Actually, Dawndra taught me at the 2nd Annual Spoon River Homesteading weekend held the weekend after our first Homesteading Day when Carla Emery was here. I followed Carla & Don down to Tim & Wendy's place.

First Carla, then Wendy, made me promise to keep the Homesteading Weekend going (Tim & Wendy are about 2 hours south of me). I wasn't going to because of the Spoon River Weekend.

The Traveller is NOT jealous. I have a special slightly greasy grey BFL carded with highlights of blue and turquoise that is being spun for mittens for me. I spun as much on the Traveller as I did on the Sonata. sonata is spinning some old roving I got with her (very pretty - black, mulberry & brown merino) while Traveller gets my personal batts. 

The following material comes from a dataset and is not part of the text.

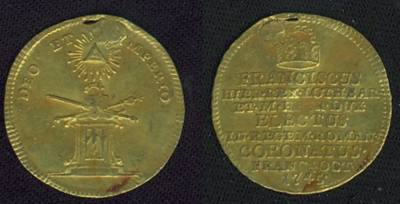 Commemorative medal in honor of Holy Roman Emperor Francis I's coronation in 1745. Obverse: "DEO ET IMPERIO" (for God and the Empire), the all-seeing eye of god and regalia of the Holy Roman Empire (crown, sword, orb, sceptres) Reverse: "FRANCISCUS HIER[OSOLYMARUM] REX LOTH[ARINGIAE] BAR ET M[AGNUS] HETR[URIAE] DUX ELECTUS IN REGEM ROMAN[ORUM] CORONATUS FRANC[OFURTUM] 4 OCT[OBER] 1745" (Francis, King of Jerusalem, Duke of Lorraine and Bar and Grand Duke of Tuscany, elected as King of the Romans, crowned at Frankfurt October 4th, 1745) and the imperial Crown. Ø 21 mm

Tonight, I carded up a bunch of batts (including a Batt Ugly - remnents of past bat making carded together). I already pulled that into roving - pretty cute actually, some grey BFL, moorit shetland, white silk, red merino, blue & turquoise mill ends, some orange, a bit of moss green.... it's interesting
That Octobor, Carla died and in the spring Wendy (not quite 30) joined her. You better believe we'll have a Homesteader's Weekend every year.

Back to twining - bring yourself down an old picture frame about the size of a placemat - I think Paul has finishing nails. We'll get ya going


----------



## Cloverbud (Sep 4, 2006)

Cool! I have a frame down in the basement, and if I can't find it I'll grab one at the dollar store.

How do I prepare the fabric? I have a stash I can start working on ahead of time.


----------



## Katherine in KY (May 11, 2002)

Nice wheel, Cyndi. Congrats


----------